Here are some zero-waste swaps you can DIY to get you started.

4. Practice minimalism in some areas of your life

Look, I’m not going to tell you to become an extreme minimalist through-and-through. I believe we can achieve sustainability without resorting to that, and it would turn off a lot more people than it would encourage. But, most of us can find at least one or more areas of our lives that we could work on minimizing.

Minimalism is a tool you can use to reduce your environmental impact, while also improving your own well-being. There is actually a type of minimalism, called eco-minimalism, that focuses on using minimalism to live sustainably.

Even if you think you don’t have time or energy to commit yourself to environmentalism, you still have enough time to consider minimalism. And as you find what you can live without, you will be able to extract yourself from the work-make-spend treadmill and live a healthier and more meaningful life. Learn more about minimalism and tips for getting started.

5. Engage in the sustainability movement

While individual actions do add up, the biggest change needs to happen with industry; and it won’t happen on its own. By engaging in environmental activism you add another voice calling for policies that support sustainability.

Another reason to participate in activism is that working with other people, helping people, and devoting yourself to a cause can make you happier and more fulfilled. (Side note, this guide to environmental activism on Eco Ally is an awesome resource to help you get started.)

6. Refuse and reduce

Of the 6 R’s (refuse, reduce, reuse, repair, rot, recycle), the first two are the easiest to do, the ones that nearly everyone can do, and they’re most important! They stop any waste from being created in the first place!

When you bring home things you don’t need, whether it’s free items or well-intentioned gifts, you’re only cluttering up your space.

7. Reuse

Reusing is an easy way we can keep our items from becoming waste for longer. For most people in the world, reusable items are the norm; single-use or limited lifetimes are a modern development designed to sell us more stuff (and create more waste!)

The items we throw away because we consider it waste can often be reused or repurposed. Finding ways to reuse our stuff means it doesn’t have to be waste. Some examples are reusing jars and containers instead of throwing them away and repurposing damaged clothes and linens into rags.

8. Repair

Repairing items, from clothes to technology, is another great way to keep what you have for longer. Unfortunately, due to the single-use, throwaway culture in countries like the United States, repairing items can often be more expensive than replacing them.

But, by learning the inexpensive, basic means of repairing items yourself (such as darning), by being careful with what we have, and keeping items until the ends of their lifetimes (not simply their perceived ends) we can save money by buying less stuff.

9. Rot and Recycle

The last 2 R’s, rotting (i.e. composting) and recycling are both the end of the cycle and the beginning of a new one.

Composting, whether at home or at a compost center, is important for the end of a biodegradable product’s life. Biodegradable products do not degrade in landfills because they’re packed too tightly.

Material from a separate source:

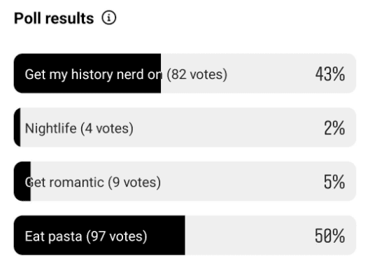 So what do people want to do in Rome the most? We ran a poll on our Instagram @thetourguy and asked that question to over 200 people and here’s what they picked.
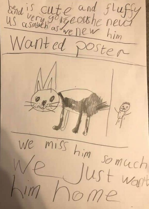 The heart-wrenching poster reads, “He is cute and fluffy and is very gorgeous. He knew us as much as we knew him. We miss him so much, we just want him home.”

While recycling is not as great as it is marketed to be, it is still better than sending stuff to a landfill. But, recycling should be the last step.

10. Do your best  : )

Sometimes sustainability feels impossible; comparing your individual actions to mega-corporations is daunting. People today feel more alone than ever, but by connecting with other eco-minded people and creating communities advocating for change, everyone’s tiny actions will add up. It’s better to do a little than to do nothing.

What is Sustainability?

The term sustainability gets thrown around a lot. It’s becoming a bit of a buzzword; a label that anyone can slap on to look better. But what does it really mean for something to be sustainable? What does that look like? And, in case you’re not already on board with “saving the Earth,” why should we even care?

These are really important questions to ask, and I assure you if you keep reading you will get all the answers.

What Does Sustainable Mean?

To understand what sustainability means in today’s context, it’s useful to look at the history of sustainability, and what it has meant in the past.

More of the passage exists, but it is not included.